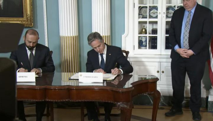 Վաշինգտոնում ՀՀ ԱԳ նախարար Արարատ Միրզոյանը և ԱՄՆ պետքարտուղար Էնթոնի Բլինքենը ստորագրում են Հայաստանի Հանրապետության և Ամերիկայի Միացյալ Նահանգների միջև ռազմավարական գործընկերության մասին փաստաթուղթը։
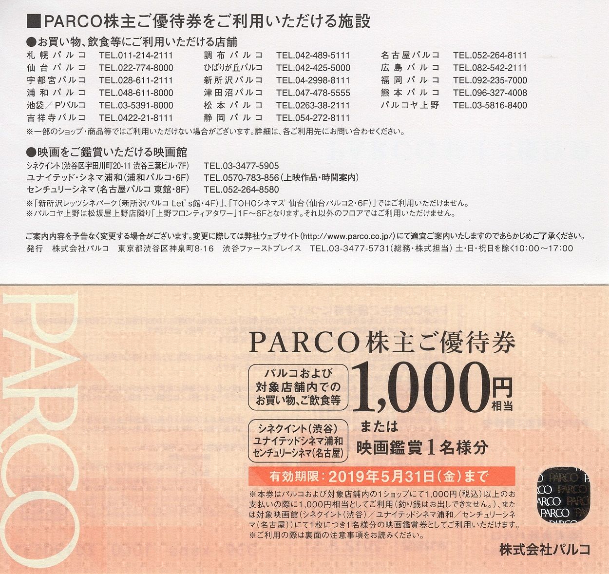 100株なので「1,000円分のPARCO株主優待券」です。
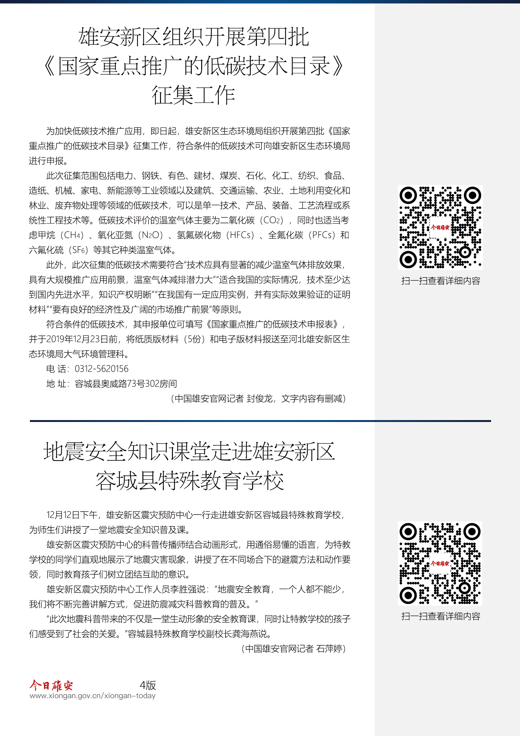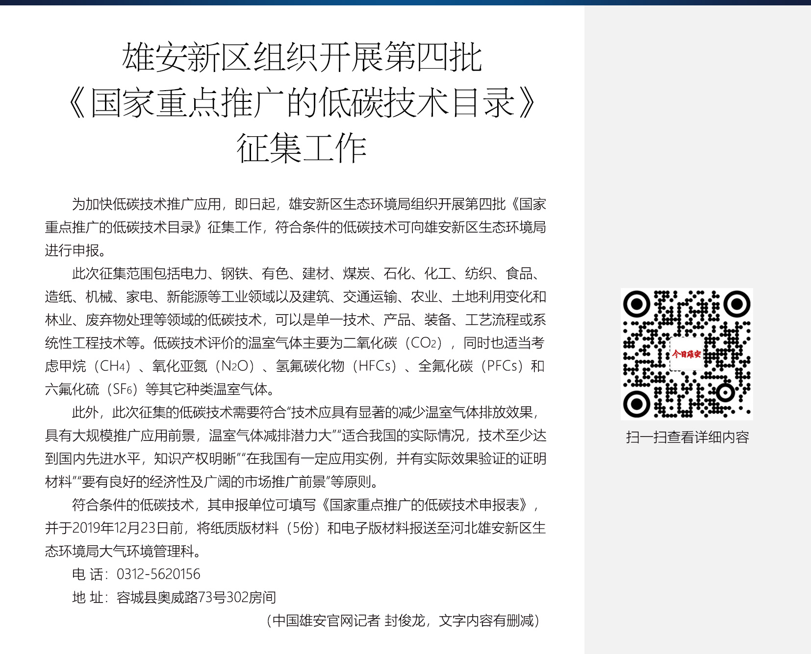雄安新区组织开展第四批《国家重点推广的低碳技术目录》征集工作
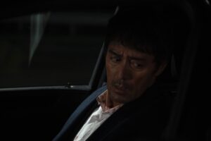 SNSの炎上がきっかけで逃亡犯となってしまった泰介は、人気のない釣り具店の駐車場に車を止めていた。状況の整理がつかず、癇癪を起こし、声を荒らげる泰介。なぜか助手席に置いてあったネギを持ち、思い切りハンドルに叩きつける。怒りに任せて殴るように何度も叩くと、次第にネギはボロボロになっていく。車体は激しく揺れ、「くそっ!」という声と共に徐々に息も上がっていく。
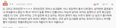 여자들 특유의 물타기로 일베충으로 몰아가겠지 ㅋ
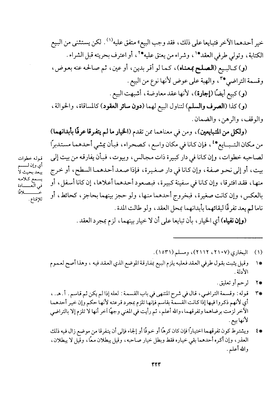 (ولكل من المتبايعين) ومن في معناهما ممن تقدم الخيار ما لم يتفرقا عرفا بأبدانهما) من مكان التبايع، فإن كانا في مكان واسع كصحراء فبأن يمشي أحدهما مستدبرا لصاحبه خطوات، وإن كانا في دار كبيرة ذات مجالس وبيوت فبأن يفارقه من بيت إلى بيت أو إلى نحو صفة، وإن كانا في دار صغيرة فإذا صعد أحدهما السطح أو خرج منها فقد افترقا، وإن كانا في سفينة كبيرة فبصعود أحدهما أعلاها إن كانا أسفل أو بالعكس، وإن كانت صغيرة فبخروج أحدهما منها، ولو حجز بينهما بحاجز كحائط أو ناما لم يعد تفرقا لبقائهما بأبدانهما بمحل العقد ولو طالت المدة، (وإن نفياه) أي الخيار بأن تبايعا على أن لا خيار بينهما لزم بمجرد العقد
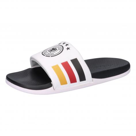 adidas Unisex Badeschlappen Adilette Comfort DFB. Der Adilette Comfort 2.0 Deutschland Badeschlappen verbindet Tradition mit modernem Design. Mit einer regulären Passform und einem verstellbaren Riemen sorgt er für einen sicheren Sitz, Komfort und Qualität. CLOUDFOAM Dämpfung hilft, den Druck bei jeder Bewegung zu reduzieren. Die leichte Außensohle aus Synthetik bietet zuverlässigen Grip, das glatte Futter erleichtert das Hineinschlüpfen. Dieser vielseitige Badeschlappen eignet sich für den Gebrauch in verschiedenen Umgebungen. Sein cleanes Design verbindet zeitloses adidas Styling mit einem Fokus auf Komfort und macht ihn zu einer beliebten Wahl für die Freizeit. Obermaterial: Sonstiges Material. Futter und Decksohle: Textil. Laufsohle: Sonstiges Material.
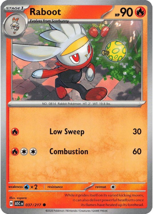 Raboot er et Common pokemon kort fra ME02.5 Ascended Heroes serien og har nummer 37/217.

════════════════

Exercise brief: Exact repeat of the material above: every line from the one with "100株なので「1,000円分のPARCO株主優待券」です。" through the one with "(ولكل من المتبايعين)", endpoints included, and nothing more. No pictures.

Exercise output:
 100株なので「1,000円分のPARCO株主優待券」です。
雄安新区组织开展第四批《国家重点推广的低碳技术目录》征集工作
 SNSの炎上がきっかけで逃亡犯となってしまった泰介は、人気のない釣り具店の駐車場に車を止めていた。状況の整理がつかず、癇癪を起こし、声を荒らげる泰介。なぜか助手席に置いてあったネギを持ち、思い切りハンドルに叩きつける。怒りに任せて殴るように何度も叩くと、次第にネギはボロボロになっていく。車体は激しく揺れ、「くそっ!」という声と共に徐々に息も上がっていく。
 여자들 특유의 물타기로 일베충으로 몰아가겠지 ㅋ
 (ولكل من المتبايعين) ومن في معناهما ممن تقدم الخيار ما لم يتفرقا عرفا بأبدانهما) من مكان التبايع، فإن كانا في مكان واسع كصحراء فبأن يمشي أحدهما مستدبرا لصاحبه خطوات، وإن كانا في دار كبيرة ذات مجالس وبيوت فبأن يفارقه من بيت إلى بيت أو إلى نحو صفة، وإن كانا في دار صغيرة فإذا صعد أحدهما السطح أو خرج منها فقد افترقا، وإن كانا في سفينة كبيرة فبصعود أحدهما أعلاها إن كانا أسفل أو بالعكس، وإن كانت صغيرة فبخروج أحدهما منها، ولو حجز بينهما بحاجز كحائط أو ناما لم يعد تفرقا لبقائهما بأبدانهما بمحل العقد ولو طالت المدة، (وإن نفياه) أي الخيار بأن تبايعا على أن لا خيار بينهما لزم بمجرد العقد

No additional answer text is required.